Stories from Country: Our New Aboriginal Works On Paper Collection

Stories from Country: Our New Works on Paper Collection

Walking across land to look for bush flowers and goanna. Driving along the road towards the hill, watching flowers bloom on the side of the road, the strong gum trees coming into view near the hills. These are the stories that live inside the new Aboriginal works on paper collection from Artists of Ampilatwatja.

Every painting made by an Alyawarre artist begins long before the brush touches the surface. It begins on Country. In the act of walking, hunting, gathering, observing the land through seasons and rain and heat. The works in this new collection are paintings of lived experience, not imagination. When Julieanne Ngwarraye Morton paints Alpeyt Alpeyt, Flowers Blooming, she is painting the walk she took that morning. When Kathleen Nanima Rambler paints Mulangke Aherne, Beautiful Land, she is painting what she sees through the window as she drives towards the hills of her Country.

That connection to place is what makes work from this community so distinct. The dots, the waterholes, the bush medicines, the desert flowers, these are not decorative choices. They are a language, developed over generations, for describing a specific piece of land and the knowledge held within it.

26 26 Rosemary Ngwarraye Turner My Landscapes Rosemary Ngwarraye Turner

Paintings that Invite You Close

Our Works on paper have a particular quality to them. Smaller in scale than a stretched canvas, more intimate, more immediate, they invite you to lean in and look carefully. To notice the layering of marks, the way colour builds across the surface, the concentration of detail that emerges the closer you get.

The works in this collection carry all of the themes that have always defined art from Ampilatwatja. Bush medicine, country after rain, flowers and grasses that push up through the desert. But at this scale there is a focus and an intimacy to them that feels newly immediate.

Our aboriginal works on paper are also a more accessible entry point for first time collectors. A work on paper is no less meaningful and no less carefully made than a large canvas painting. It simply asks for a different kind of wall space, a different kind of attention.

Made to Last

The works in this collection are painted on Khadi paper, handmade in Karnataka, South India from 100% recycled cotton rag. Each sheet is made by hand, one at a time, and surface sized with gelatine in the traditional method used for watercolour paper. It creates a hard, water resistant surface that allows paint to be worked across it without sinking in.

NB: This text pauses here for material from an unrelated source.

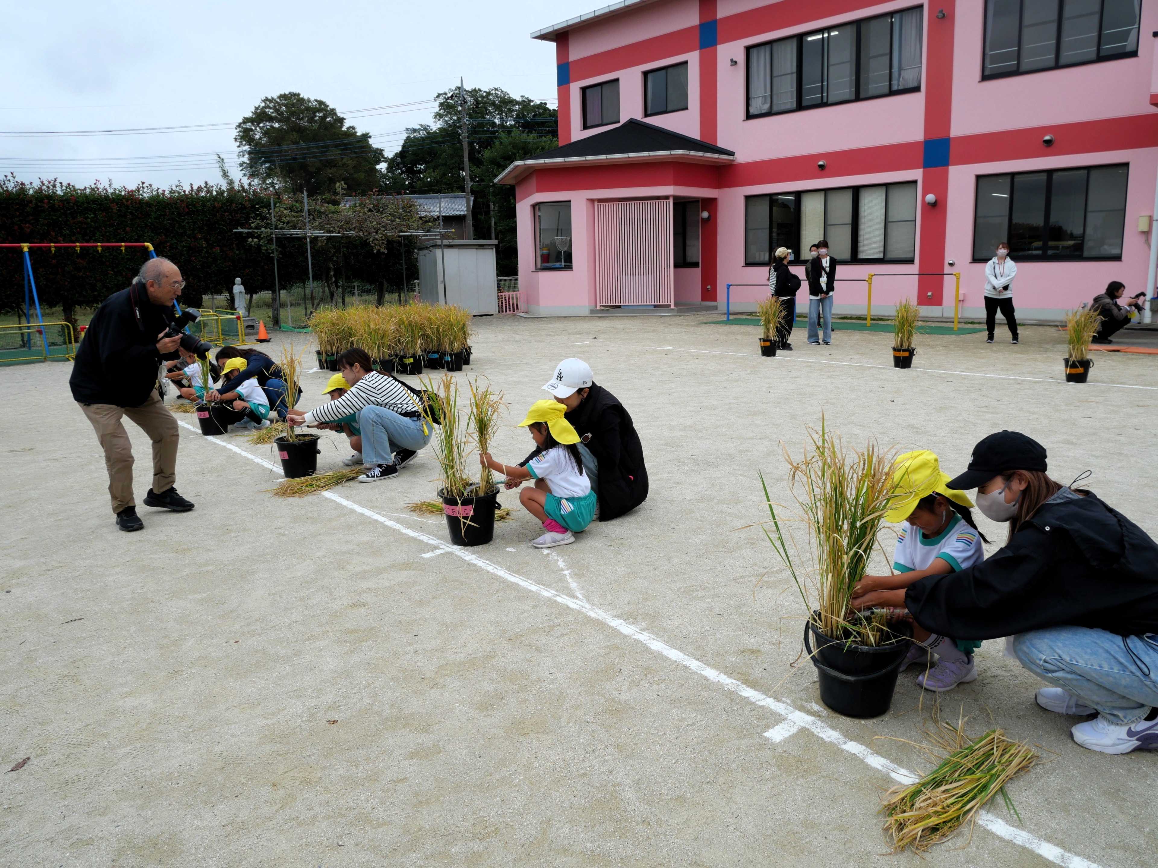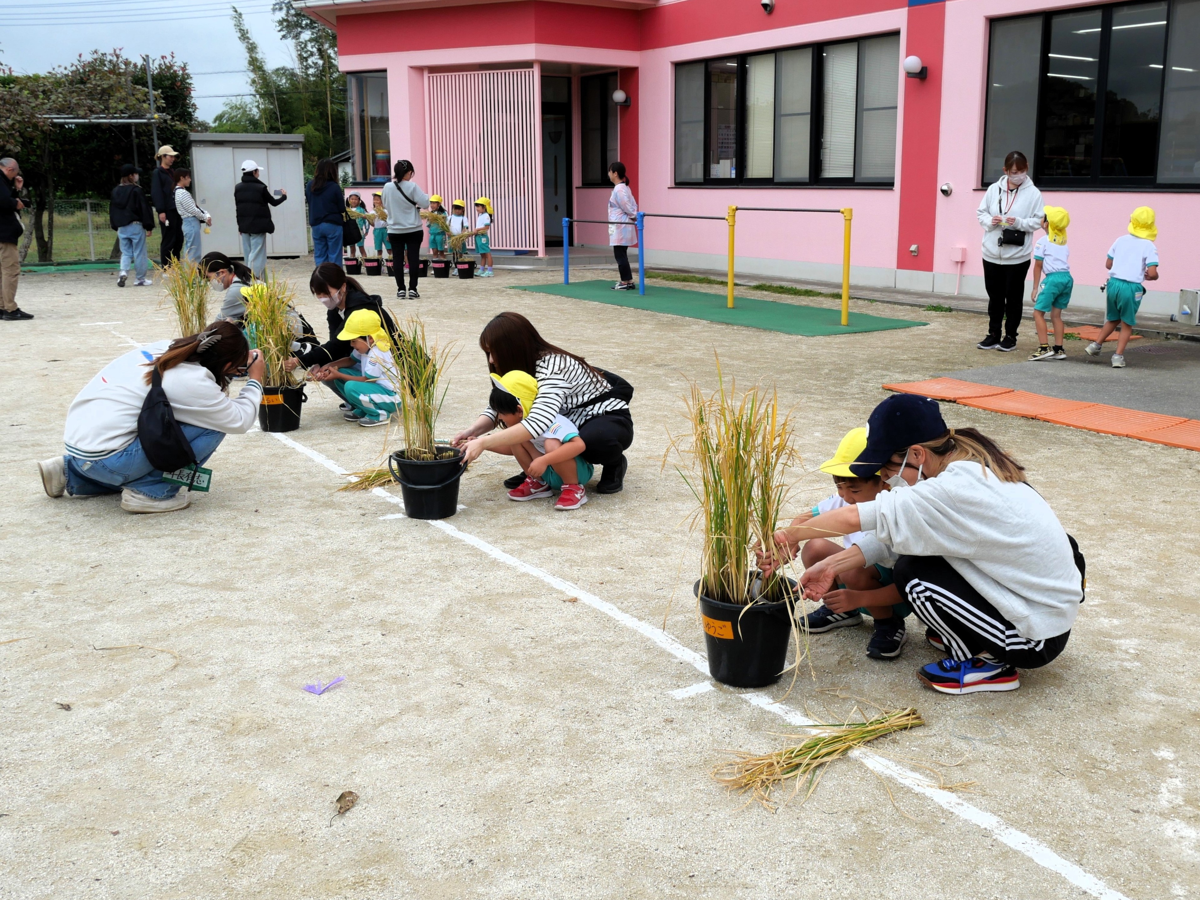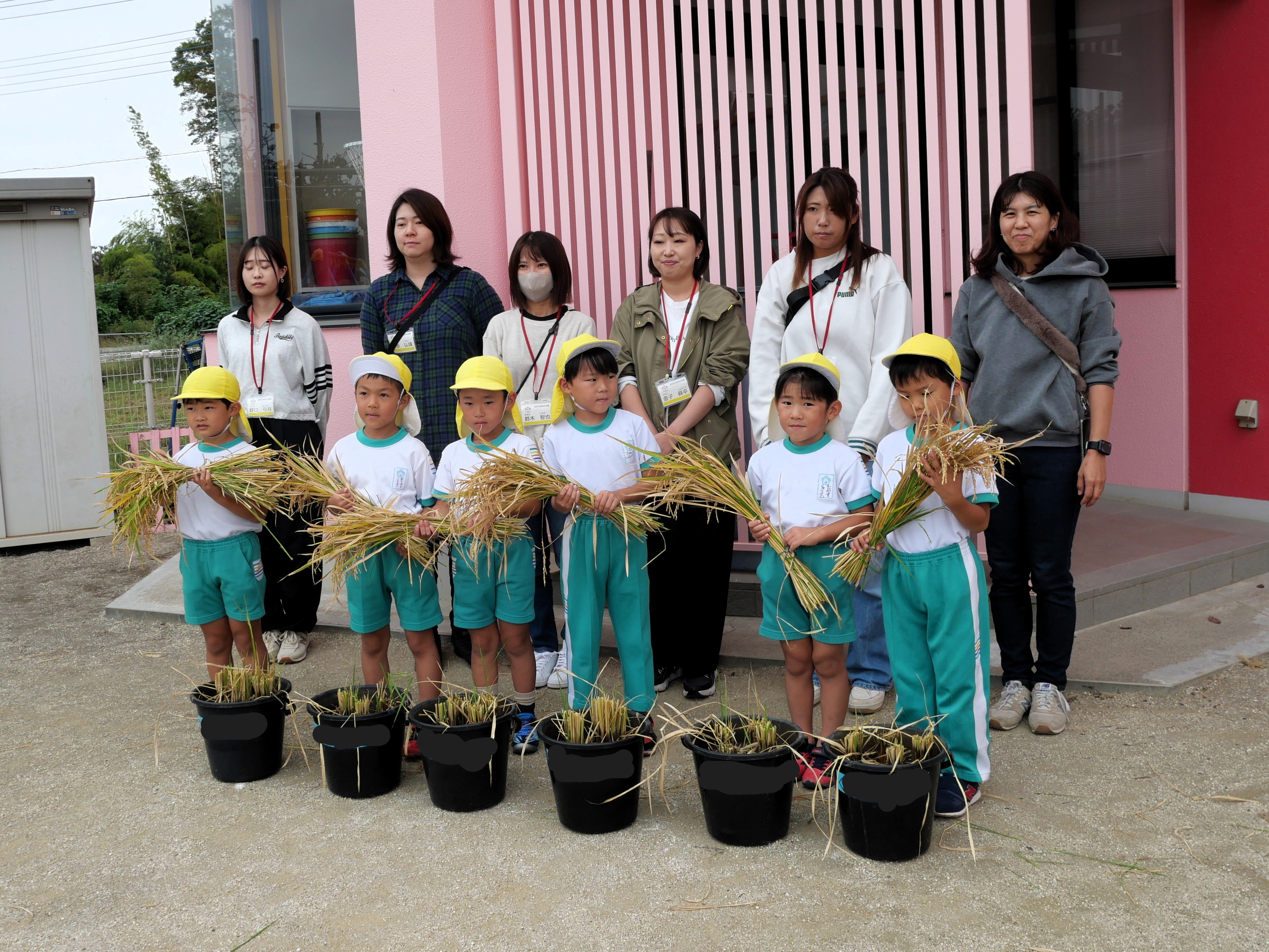 今日は年長さんが親子で稲刈りをしました。5月に親子で苗を植えて以来、一人ずつ自分の稲に水をあげながら育ててきた子どもたち。稲穂の中にしっかりとお米ができていることを実感しながら、慎重に稲を刈っていました。この後、脱穀、籾すり、精米を体験して、全園児おにぎりパーティーで収穫の喜びを分かち合います。年長さん、今までのお世話、お疲れ様でした。おにぎりパーティーまでもう少し!よろしくお願いしますね!

Khadi paper is genuinely acid free, meaning works painted on it will not yellow or degrade over time. No bleaches or harmful chemicals are used in its production, and the water used in the papermaking process is fully recycled. For a community of artists whose practice is rooted in care for Country, it felt like the right surface to paint on.

A work on paper purchased from Artists of Ampilatwatja today will still be in excellent condition decades from now. 

20 26 Leanne Teece Anterrengeny My Fathers Country Leanne Pula Teece

Buying Directly from the Artists

Artists of Ampilatwatja is an Aboriginal-owned and governed corporation, established in 1999 on Aherrenge country, 325 kilometres north east of Alice Springs in the Northern Territory. When you purchase directly from us, the artist is paid fairly and you receive full provenance, artist details, and a certificate of authenticity.

You are not buying a reproduction or a licensed print. You are buying an original painting, made by hand, by an Alyawarre woman who walked her country and brought that experience back to the art centre to paint.

That is what these beautiful Aboriginal works on paper are. Paintings of a specific place, a specific walk, a specific morning out on country. We hope you find one that speaks to you.